如需查看可用模型的列表以及每个模型的详细信息，请参阅 Gemma 模型概览。
如需了解如何下载和使用模型，请参阅开始通过 KerasNLP 使用 Gemma。
如需下载模型，请参阅 Gemma 模型。

使用场景

您可以将 Gemma 模型与 Dataflow 配合使用，以进行情感分析。借助 Dataflow 和 Gemma 模型，您可以在事件（例如客户评价）到达时处理事件。通过模型运行评价以进行分析，然后生成建议。通过将 Gemma 与 Apache Beam 结合使用，您可以无缝完成此工作流。

支持和限制

Apache Beam 和 Dataflow 支持 Gemma 开放模型，不过具有以下要求：

适用于使用 Apache Beam Python SDK 2.46.0 版及更高版本的批处理和流处理流水线。
Dataflow 作业必须使用 Runner v2。
Dataflow 作业必须使用 GPU。
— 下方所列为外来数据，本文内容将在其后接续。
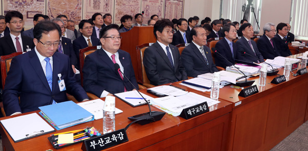 조희연 서울시교육감(왼쪽에서 다섯번째)을 비롯한 각 시도 교육감들이 6일 오전 국회에서 열린 국회 교문위의 서울시교육청 등 각 시도 교육청에 대한 국정감사에 출석하고 있다. 왼쪽부터 김석준 부산교육감, 우동기 대구교육감, 이청연 인천교육감, 장휘국 광주교육감, 조희연 서울교육감, 설동호 대전교육감, 김복만 울산교육감, 최교진 세종교육감./연합뉴스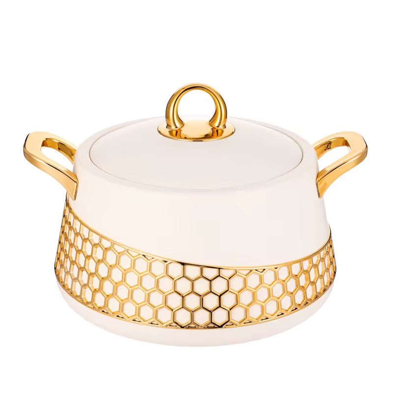 Serve in style and keep your meals hot for hours with this Premium Quality 3-Piece Insulated Food Warmer Set. Designed with elegance and function in mind, each warmer features a sleek gold honeycomb pattern that adds a luxurious touch to any dining setup.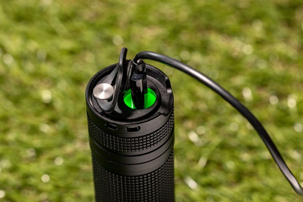 Заряджається ліхтар через USB порт. Його можна заряджати від комп'ютера чи ноутбука або від звичайної розетки 220В. У комплекті є кабель і адаптер. Корпус ліхтаря виготовлений з алюмінію, ліхтар витримує падіння з висоти до метра, водонепроникний за стандартом IPX-8 і може витримувати занурення у воду на глибину до 2 метрів протягом півгодини. На корпусі ліхтаря є спеціальна насічка, яка дозволяє надійно утримувати ліхтар у руках.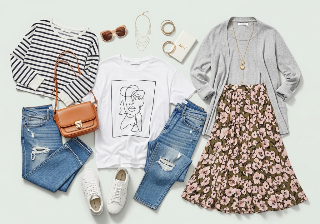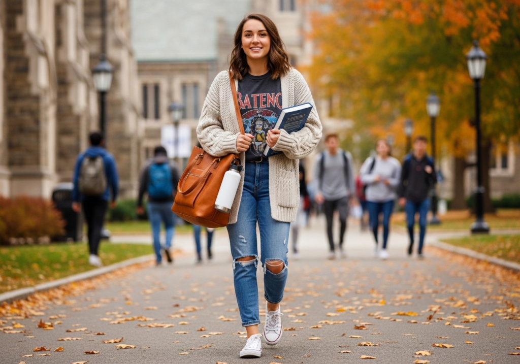 For college, go for comfy yet stylish pieces like jeans, graphic tees, and sweatshirts, paired with cute accessories.
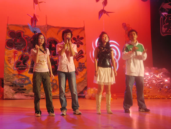 学生在“梦想齐医”文艺汇演上演唱歌曲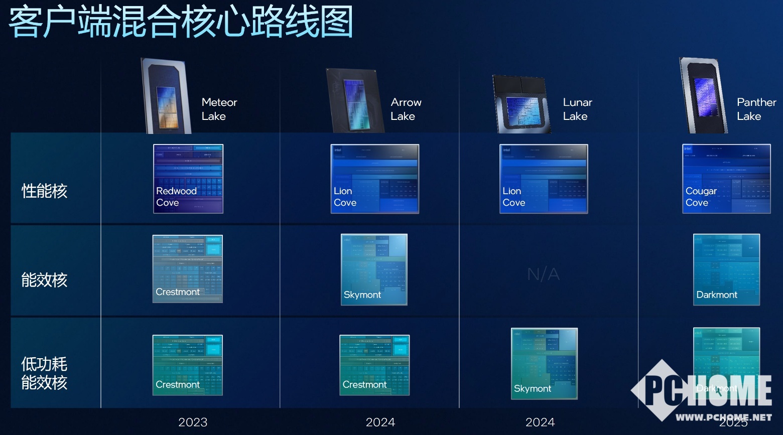 核心配置方面,此次Panther Lake也设计了专为18A制程设计和优化的全新核心IP。我们都知道,英特尔从第12代酷睿处理器开始引入不同核心的混合架构设计,P(性能核)+E(能效核)+LPE(低功耗能效核)的组合在桌面端和移动端产品上均有应用。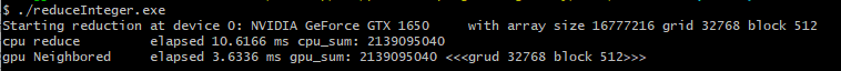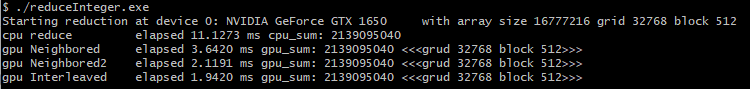 https://github.com/junstar92/parallel_programming_study/blob/master/CUDA/reduction/reduceInteger.cu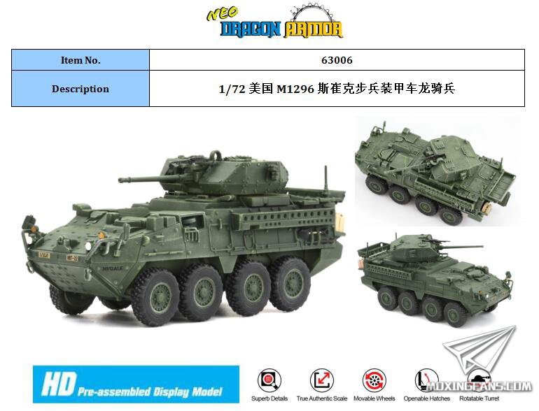 【威龙 63006】1/72 美国M1296斯崔克步兵装甲车龙骑兵成品预订单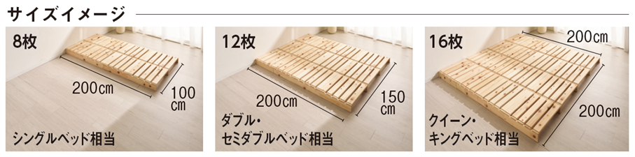 1枚あたり縦横幅50cm・高さ10cmのパレットを並べて設置することで、空間やライフスタイルの変化に合わせた自由なカスタマイズが可能です。パレット8枚でシングルサイズ、12枚でダブル・セミダブルサイズ、16枚でクイーン・キングサイズ相当と、家族構成やライフスタイルの変化に合わせて柔軟にサイズを拡張・変更することができます。パレット同士は連結不要。置くだけの簡単設置で、組み立ての手間を省きました。組み立て作業が苦手な方でも安心して使用いただけます。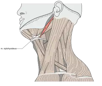 Rozpoczyna się na wyrostku rylcowatym kości skroniowej, kończy na kości gnykowej[2]. Towarzyszy brzuścowi tylnemu mięśnia dwubrzuścowego, biegnąc bardziej powierzchownie[1].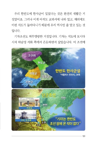 우리 한반도에 한사군이 있었다는 것은 완전히 새빨간 거 짓말이죠. 그러나 이게 아직도 교과서에 나와 있고, 해외에도 이런 지도가 돌아다니기 때문에 우리 역사인 줄 알고 있는 것 입니다. 기자조선도 허무맹랑한 거짓입니다. 기자는 지도에 보시다 시피 하남성 서화 쪽에서 은둔하면서 살았습니다. 이 조선에 59 어서와 6강.indd 59 2021-10-18 11:52:40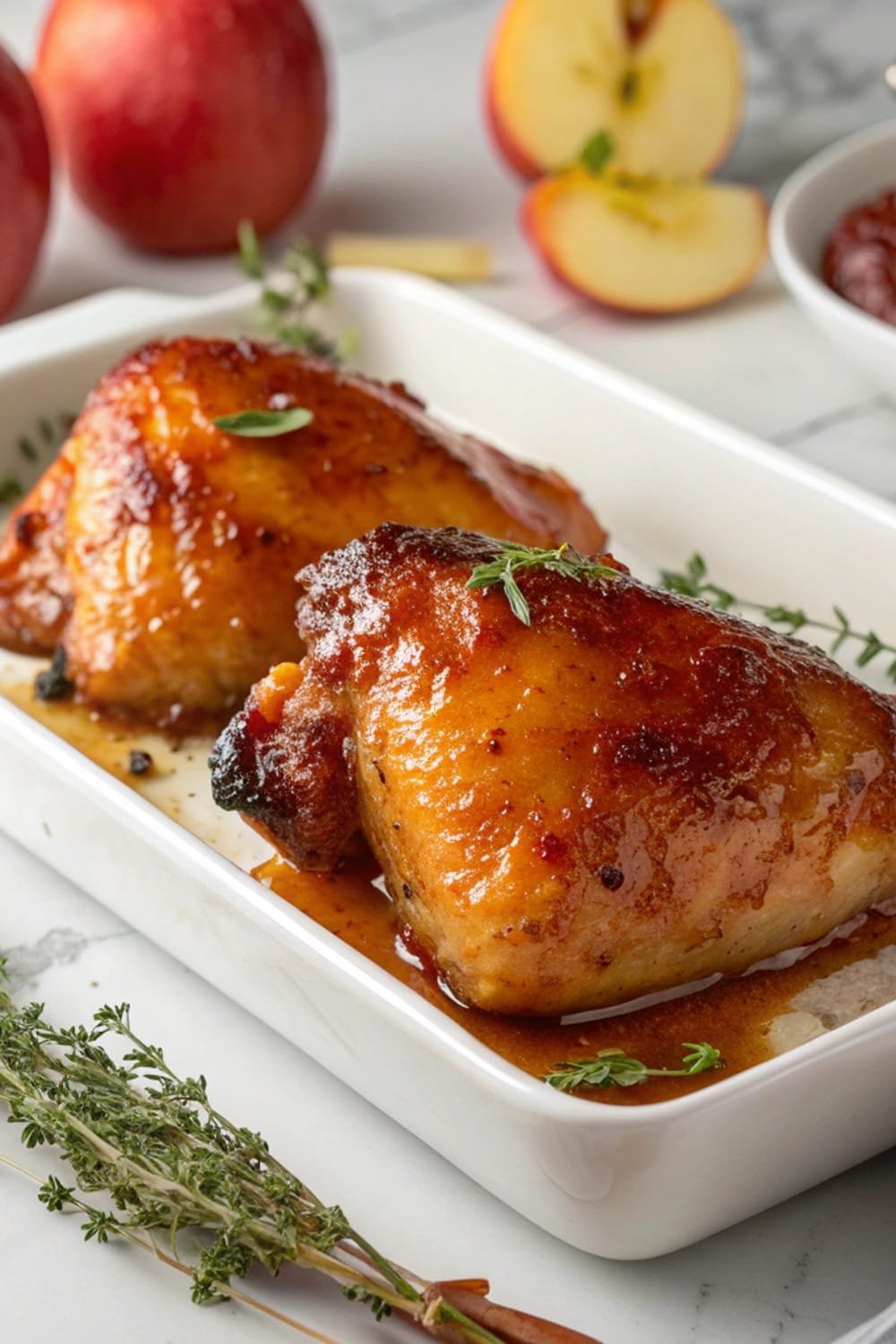 - Build glaze with apple cider, maple syrup, Dijon, garlic, vinegar, and thyme.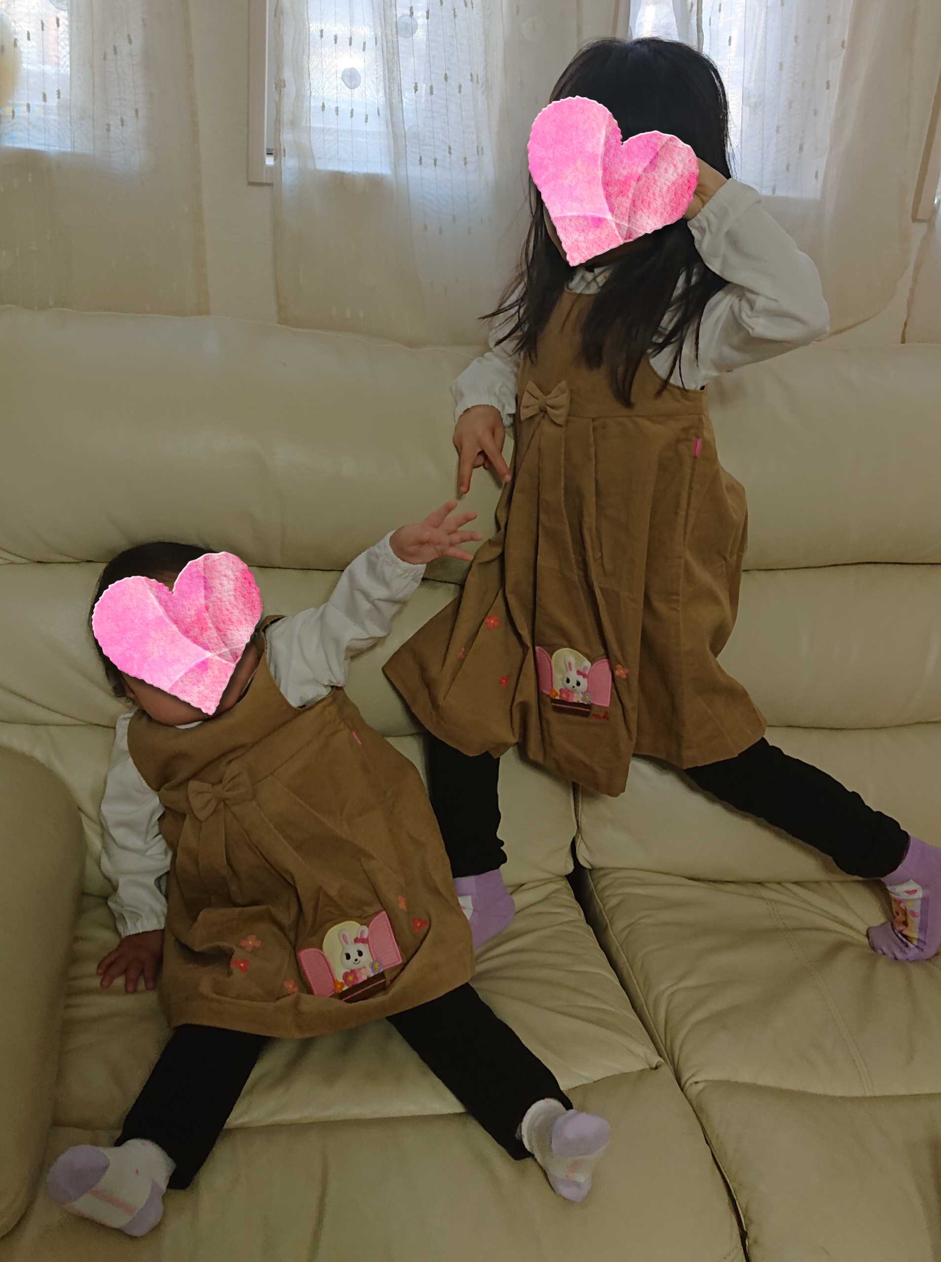 今のところ姉妹ズ二人とも、折り返しなしで伸ばして履いたらちょうど10分丈程度になるので履かせてみました😅
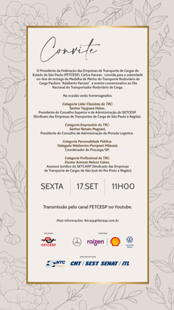 Neste ano a FETCESP realiza a entrega da Medalha de Mérito do Transporte Rodoviário de Carga Paulista “Adalberto Panzan” exatamente no Dia Nacional do Transportador Rodoviário de Carga, 17 de setembro (sexta-feira), a partir das 11 horas, no Canal FETCESP no Youtube.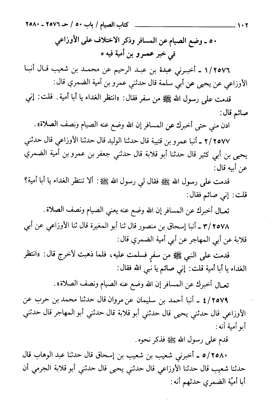 ( 50 وضع الصيام عن المسافر وذكر الاختلاف على الأوزاعي في خبر عمرو بن أمية فيه )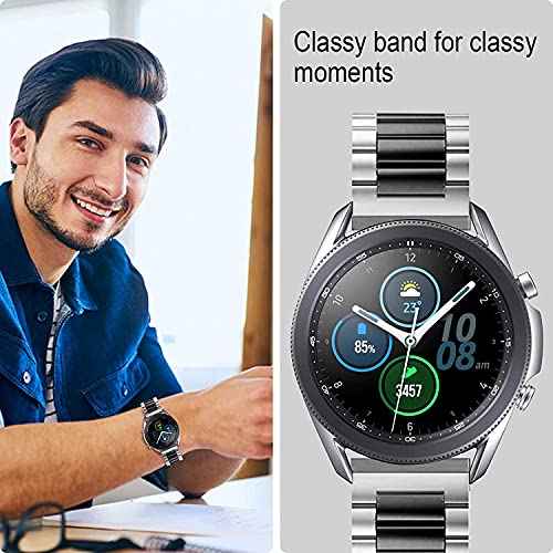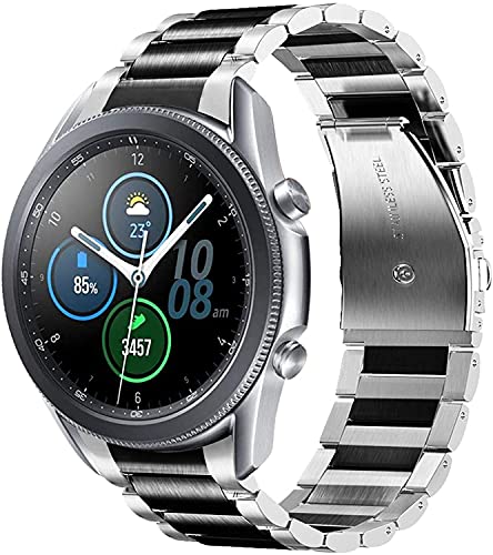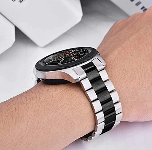 Smart Stuff - سوار معدني من الفولاذ المقاوم للصدأ لساعة سامسونج جالاكسي 3 / ساعة جالاكسي 46 ملم / جير S3 فرونتير وكلاسيك / هواوي GT2 / GT2e / GT2 برو من سمارت ستاف - مزدوج فضي / أسود

如需查看 Dataflow 支持的 GPU 类型列表，请参阅可用性。建议使用 T4 和 L4 GPU 类型。
模型必须以 .keras 文件格式进行下载并保存。
建议使用 TensorFlow 模型处理程序，但这不是必需的。

前提条件

通过 Kaggle 访问 Gemma 模型。
填写同意书并接受条款及条件。
下载 Gemma 模型。以 .keras 文件格式将其保存在 Dataflow 作业可以访问的位置，例如 Cloud Storage 存储桶。为模型路径变量指定值时，请使用此存储位置的路径。
如需在 Dataflow 上运行作业，请创建自定义容器映像。此步骤让您可以在 Dataflow 服务上使用 GPU 运行流水线。
- 如需查看包含创建 Docker 映像的完整工作流，请参阅 GitHub 中的使用 Gemma 在 Dataflow 流处理中运行 RunInference。
- 如需详细了解如何构建 Docker 映像，请参阅“使用 GPU 运行流水线”中的构建自定义容器映像。
- 如需使用 Docker 将容器推送到 Artifact Registry，请参阅“为 Dataflow 构建自定义容器映像”中的构建和推送映像部分。

在流水线中使用 Gemma

如需在 Apache Beam 流水线中使用 Gemma 模型，请按以下步骤操作。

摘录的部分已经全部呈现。